Your family should accept that it's a difficult journey - particularly with a toddler to entertain the whole way!

IWentAwayIStayedAway · 05/09/2019 16:10

Yanbu. Invite them down. Do 2 visits a year. 1 x summer and 1 x christmas(but not necessarily for xmas if that doesnt suit)

NabooThatsWho · 05/09/2019 16:11

If it is too stressful then simply stop doing it.
Your mum will try and make you feel guilty but just ignore that. She’s not the one looking after a toddler on a 5 hour train journey (how the hell do you manage that btw?!).
Set your boundaries and stick to them, no guilt. You are an adult now and can choose what does and doesn’t work for you.

ChangeItChild · 05/09/2019 16:14

I think it's reasonable to start visiting a bit less, you have set a precedent now by visiting so much and they expect it to continue, I would gently ease off the visits, explaining each time why it is difficult.

Have you properly invited your siblings to visit, maybe they don't feel like they could just invite themselves?

If you had a second child, it would be near impossible to manage frequent 5 hour journeys alone with a toddler & baby, so your second child would not be as close to your family as your eldest, so again, setting a precedent is a little unfair to any future children (sorry, I've no idea if you plan to have another)

SunniDay · 05/09/2019 16:16

Invite your nephew and family over for your sons birthday and plan to do something nice for nephew’s birthday while they are over.

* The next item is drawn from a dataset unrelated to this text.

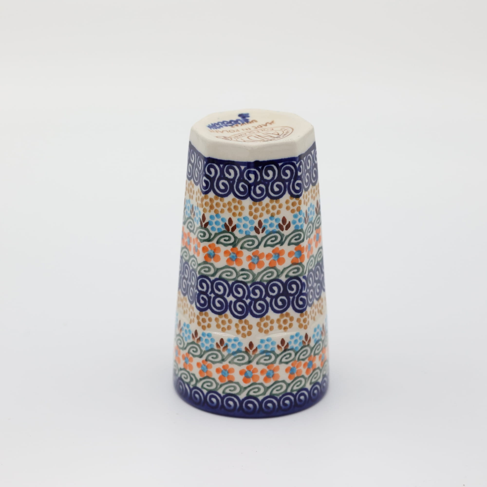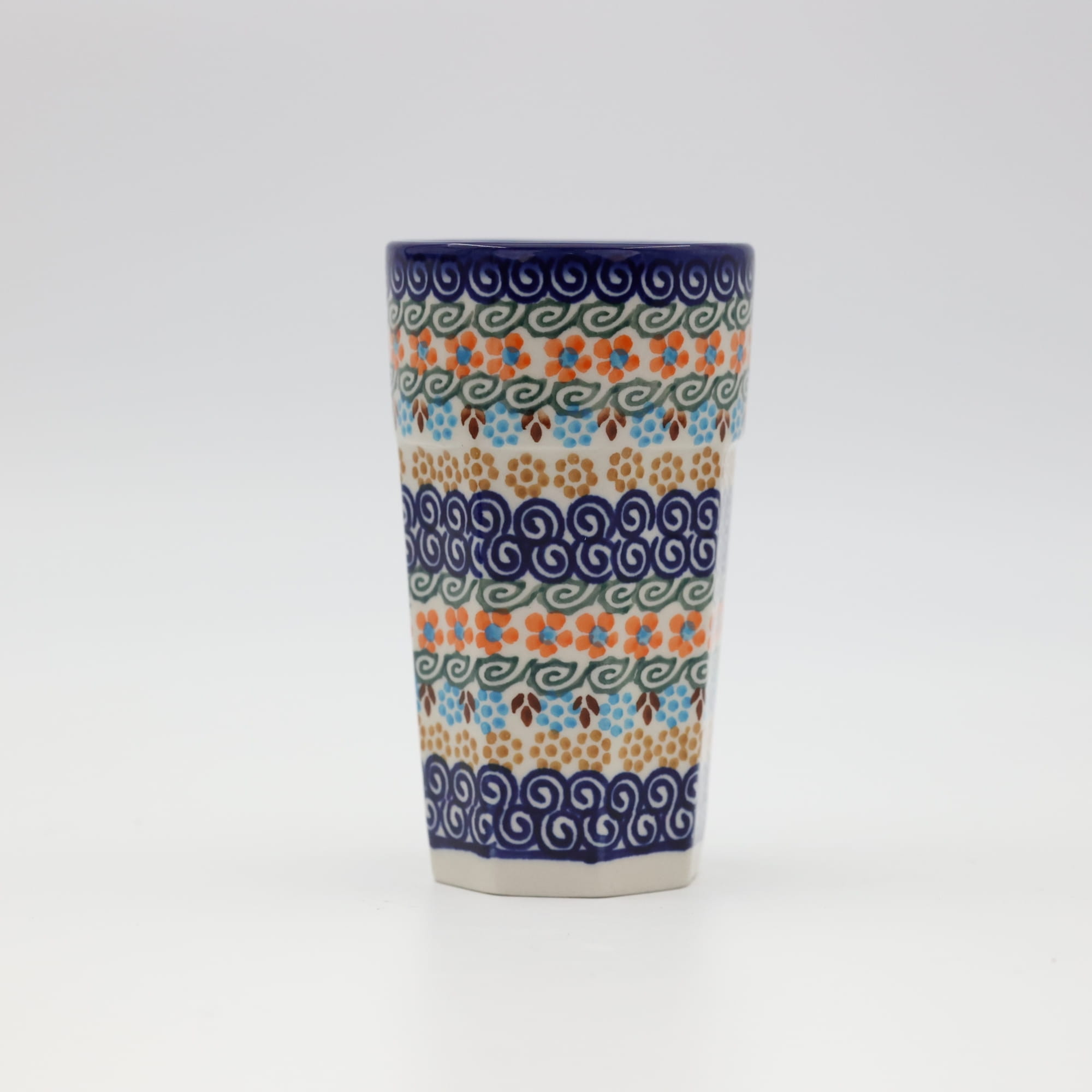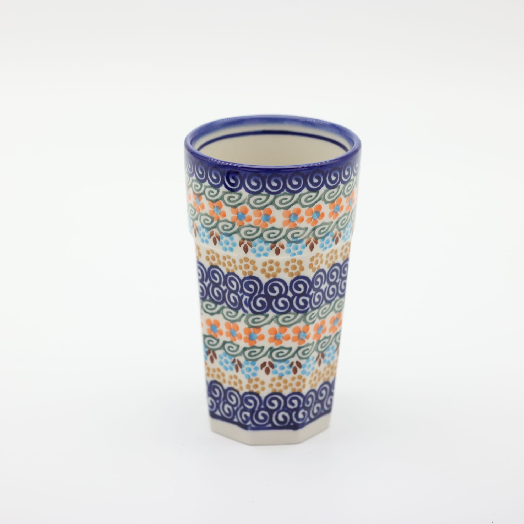 Oryginalny kubek z Bolesławca, ręcznie malowany o nowoczesnym, kanciastym kształcie. Pojemność kubka to 300 ml, jest wysoki i idealnie nadanie się do podawania herbaty bądź różnorakich kaw. Nam najbardziej służy do podawania słodkich kisielów i budyniu ale gorące kakao z pewnością również będzie smakowało wyśmienicie. Gorąca czekolada z bitą śmietaną podana w tym kubku, podczas przygotowywania zdjęć do oferty internetowej pochłonięta została przez fotografa błyskawicznie, mniam... palce lizać, uwielbiamy słodkie napoje!

TequilaMockingbird0 · 05/09/2019 16:18

That's so much travelling! We live 3.5 hours from my inlaws and go up once a year, sometimes twice. The DC hate car journeys so it's not fun at all getting there.
I wouldn't even consider making such a long journey for a niece or nephews birthday!

HJWT · 05/09/2019 16:21

We visit SIL once a year and meet half way once a year, I think that is more than enough xx

Butterymuffin · 05/09/2019 16:22

They've come to expect you to do all the work now. You'll have to break that. Tell your mum that instead you will invite her and your sister and nephew etc down to see you just after his birthday and then they can all be present for your DS's birthday. I would bet on her saying that won't be on, but you can then reasonably point out that you always do the travelling so this time it's their turn.

TerrorAustralis · 05/09/2019 16:22

I've lived away from my home city more than half of my adult life. Some of that has been within the same country and some abroad.

I used to get upset that nobody visited. What really hurt was my mum spending two days with me, then a week with my brother (in another city). These days I try to let it go.

The other side of the coin is, you were the one who moved away. I don't think this excuses the expectation that you are always the one to visit and nobody reciprocates, but it might go some way to explain your family's expectations.

Now, we visit when it suits us, or when there's a family emergency. We haven't been back for Christmas in years, but that's another story.

Troels · 05/09/2019 16:26

How many of them came for your Ds's 1st birthday?
This is all becoming very one sided.
If anyone tries to make you feel guilty for not going to them. Make sure to mention that the trains run in both directions should they want to visit you.

Loopytiles · 05/09/2019 16:32

That is way, way too much travel IMO. costly in money, time and energy. Assume you’re a SAHM. Probably won’t be sustainable once DC starts school.

And it’s not reciprocated.

I live hundreds of miles away from my family (we have good relationships) and have a disabled parent who can’t travel, I go around three times a year, and my sibling visits once or twice a year with their family.

picklemepopcorn · 05/09/2019 16:37

Bear in mind that you moved away, and that when you go back you see several sets of people, whereas when they come to you they only see one set, IYSWIM. When I visit my parents, I catch up with my aunts, my sis, my bro,and my grandparents. When they come to us, there's only us!

However, what you are doing is unsustainable, financially as well as time and energy. Start planning what works for you- Christmas, Easter and summer holiday for example.